Над Акасака тихо спускалась ночь. В комнату заглянула хозяйка.
– Мы так привыкли к оживлению, что в последнее время с наступлением вечера становится просто жутко – кажется, будто кругом все вымерло. Скажите, когда же можно будет опять шуметь и веселиться, как раньше, никого не боясь?—сна сокрушенно вздохнула.
Что-то зловещее таилось в наступившей тишине. Даже здесь, в уютной комнате, за чашечкой сакэ война чувствовалась близко, совсем рядом. По мере того как затихали окрестные улицы, мысль о неотвратимой разлуке сильнее овладевала сознанием.
Когда разговор о политике, о положении на фронте, об обстановке в тылу был исчерпан, беседа незаметно перешла на воспоминания о годах совместной учебы в Англии и о жизни в Америке. Перебирать воспоминания о былом означало, в сущности, восстанавливать в памяти историю их долгой дружбы. Оба испытывали бессознательную потребность еще раз убедиться в давности и прочности связывавших их отношений. Пожилые люди, они разговаривали непринужденно и просто, без торжественных клятв или высокопарных, напыщенных выражений, и эта спокойная беседа приносила им своеобразное печальное наслаждение.
Юхэй, слегка захмелев, сел поудобнее, вытянув ноги. Киёхара тоже уселся в непринужденной позе, опираясь спиной о столб, поддерживавший потолок. Шел уже двенадцатый час, но друзья не спешили вставать. Хотелось оттянуть минуту расставания. Вошла хозяйка с подносом, на котором лежало несколько маленьких мандаринов.
– Взгляните только на эти фрукты! Даже эту мелочь нелегко было раздобыть. Мандарины выдают по специальным карточкам для больных, но мне удалось купить через спекулянтов. Буквально все приходится добывать на черном рынке, только так и живем!
– Как бы нам вызвать такси? – сказал наконец Юхэй.– Доехать хотя бы до Сиба...
– Слушаюсь, слушаюсь, господин директор. Сейчас мы это устроим,– хозяйка встала.
Она позвонила по телефону и тотчас же снова вернулась в комнату.
– Так, значит, господин директор, вы на днях уезжаете? – сказала она.– Все старые клиенты разъезжаются один за другим. Пришел конец нашему «Санкотэю». Придется окончательно закрыть ресторан. Но когда война кончится, прошу опять о нас вспомнить. Все равно ведь мы к другому ремеслу непривычны...

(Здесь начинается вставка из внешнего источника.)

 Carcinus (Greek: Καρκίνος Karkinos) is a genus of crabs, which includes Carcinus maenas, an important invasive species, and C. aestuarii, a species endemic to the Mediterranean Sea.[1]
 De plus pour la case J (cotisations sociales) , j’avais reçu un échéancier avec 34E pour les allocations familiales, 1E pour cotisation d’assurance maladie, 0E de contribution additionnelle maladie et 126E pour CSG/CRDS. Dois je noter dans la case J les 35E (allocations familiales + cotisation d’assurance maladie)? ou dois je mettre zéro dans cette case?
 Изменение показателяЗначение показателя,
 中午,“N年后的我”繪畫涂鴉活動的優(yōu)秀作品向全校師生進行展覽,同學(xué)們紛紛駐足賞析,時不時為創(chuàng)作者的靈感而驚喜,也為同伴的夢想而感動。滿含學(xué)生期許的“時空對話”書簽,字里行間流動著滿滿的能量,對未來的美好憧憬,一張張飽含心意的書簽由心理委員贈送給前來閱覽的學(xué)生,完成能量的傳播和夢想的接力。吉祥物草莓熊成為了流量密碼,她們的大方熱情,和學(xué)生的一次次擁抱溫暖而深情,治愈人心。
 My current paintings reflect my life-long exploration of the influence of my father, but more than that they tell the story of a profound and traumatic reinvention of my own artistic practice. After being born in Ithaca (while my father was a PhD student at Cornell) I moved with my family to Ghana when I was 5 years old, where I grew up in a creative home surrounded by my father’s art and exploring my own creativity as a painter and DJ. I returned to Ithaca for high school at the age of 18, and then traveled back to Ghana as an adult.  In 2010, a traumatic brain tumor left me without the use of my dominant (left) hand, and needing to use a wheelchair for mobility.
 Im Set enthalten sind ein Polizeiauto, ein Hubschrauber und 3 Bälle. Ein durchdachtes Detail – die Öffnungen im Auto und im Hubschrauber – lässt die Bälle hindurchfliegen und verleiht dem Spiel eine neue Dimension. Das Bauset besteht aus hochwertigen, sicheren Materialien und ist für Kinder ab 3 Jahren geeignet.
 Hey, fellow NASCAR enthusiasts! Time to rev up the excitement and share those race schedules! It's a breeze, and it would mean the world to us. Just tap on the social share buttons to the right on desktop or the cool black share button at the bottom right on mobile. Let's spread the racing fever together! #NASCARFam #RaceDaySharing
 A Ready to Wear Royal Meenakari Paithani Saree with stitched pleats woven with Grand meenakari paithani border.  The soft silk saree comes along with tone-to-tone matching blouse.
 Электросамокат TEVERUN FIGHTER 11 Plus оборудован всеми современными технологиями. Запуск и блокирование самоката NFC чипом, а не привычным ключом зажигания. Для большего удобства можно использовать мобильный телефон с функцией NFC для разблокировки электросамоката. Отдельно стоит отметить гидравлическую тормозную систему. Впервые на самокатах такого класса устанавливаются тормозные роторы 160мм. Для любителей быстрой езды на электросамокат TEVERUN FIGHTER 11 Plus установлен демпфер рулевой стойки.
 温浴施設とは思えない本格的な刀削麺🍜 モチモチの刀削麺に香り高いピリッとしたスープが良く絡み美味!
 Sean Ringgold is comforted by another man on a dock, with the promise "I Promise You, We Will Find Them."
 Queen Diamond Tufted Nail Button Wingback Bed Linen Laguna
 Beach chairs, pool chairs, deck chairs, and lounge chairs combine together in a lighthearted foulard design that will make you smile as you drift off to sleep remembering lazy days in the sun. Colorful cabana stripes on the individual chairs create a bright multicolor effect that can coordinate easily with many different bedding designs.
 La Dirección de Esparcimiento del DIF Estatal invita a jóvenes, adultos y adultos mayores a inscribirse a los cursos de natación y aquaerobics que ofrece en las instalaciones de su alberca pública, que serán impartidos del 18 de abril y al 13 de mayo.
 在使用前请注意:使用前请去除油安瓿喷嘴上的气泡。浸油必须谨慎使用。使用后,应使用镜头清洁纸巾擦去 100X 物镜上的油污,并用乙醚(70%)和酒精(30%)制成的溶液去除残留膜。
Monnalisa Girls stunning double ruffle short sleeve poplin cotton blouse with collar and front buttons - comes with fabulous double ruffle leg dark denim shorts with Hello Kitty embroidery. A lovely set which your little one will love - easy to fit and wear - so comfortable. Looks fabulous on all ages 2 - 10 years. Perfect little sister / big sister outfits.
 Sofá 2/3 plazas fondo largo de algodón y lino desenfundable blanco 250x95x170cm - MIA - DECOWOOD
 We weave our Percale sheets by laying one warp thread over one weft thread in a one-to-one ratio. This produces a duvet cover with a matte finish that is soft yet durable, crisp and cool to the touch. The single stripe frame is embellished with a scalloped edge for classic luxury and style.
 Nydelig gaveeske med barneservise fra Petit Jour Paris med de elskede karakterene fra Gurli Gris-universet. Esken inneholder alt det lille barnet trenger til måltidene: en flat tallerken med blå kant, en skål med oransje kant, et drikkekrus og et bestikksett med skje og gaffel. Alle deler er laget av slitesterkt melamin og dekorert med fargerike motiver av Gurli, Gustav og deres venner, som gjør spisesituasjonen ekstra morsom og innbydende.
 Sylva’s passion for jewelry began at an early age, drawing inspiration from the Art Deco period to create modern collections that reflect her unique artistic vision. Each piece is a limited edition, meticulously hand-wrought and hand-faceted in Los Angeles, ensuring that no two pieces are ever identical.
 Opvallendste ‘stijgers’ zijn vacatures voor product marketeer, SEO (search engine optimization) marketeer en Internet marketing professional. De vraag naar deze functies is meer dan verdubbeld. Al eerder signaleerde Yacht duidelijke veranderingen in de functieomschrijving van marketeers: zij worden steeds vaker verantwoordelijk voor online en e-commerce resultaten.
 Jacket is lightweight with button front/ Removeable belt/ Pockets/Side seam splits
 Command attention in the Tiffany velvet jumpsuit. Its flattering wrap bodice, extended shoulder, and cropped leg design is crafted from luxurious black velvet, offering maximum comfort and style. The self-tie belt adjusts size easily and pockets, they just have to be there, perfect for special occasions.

– Неужели ты действительно решила закрыть «Санкотэй»?
– А что ж прикажете делать? Приходится.– В ее словах звучала решительность женщины, за долгие годы жизни в веселом квартале вполне усвоившей искусство приспосабливаться к бесчисленным законам, уложениям, приказам. Она и теперешние трагические события воспринимала как очередное бедствие, неизбежное в этом суетном мире. И в то же время, изворотливая и гибкая, она умела приспособиться к любым обстоятельствам.
Внезапно совсем близко заревела сирена. Это был сигнал воздушной тревоги. Где-то вдали откликнулись другие сирены. В темноте ночи, переплетаясь и дрожа в воздухе, раздавалось зловещее завывание.
– Началось! – прошептал Киёхара. На его лице появилась немного растерянная улыбка.
Хозяйка надвинула маскировочный колпачок на лампочку. В комнате стало почти совсем темно. Гейша, торопливо распростившись, ушла. Слышно было, как в соседних домах со стуком закрываются ставни и перекликаются люди. Из стоявшего на конторке приемника внезапно полился громкий голос. Диктор сообщал, что «один самолет противника огибает с юга полуостров Босо». Хозяйка снова позвонила по телефону в гараж, но ей ответили, что вышлют машину после отбоя.
– Вот неудача! Чего доброго, придется возвращаться пешком.
Киёхара не боялся ходьбы. Он закурил и неторопливо попыхивал в темноте сигаретой.
Самолет противника, «огибавший с юга полуостров Босо», очевидно все еще находился в полете.
– Ну, если это всего-навсего один самолет, страшного ничего нет. Скоро дадут отбой. Выпить, что ли, еще? – сказал Юхэй.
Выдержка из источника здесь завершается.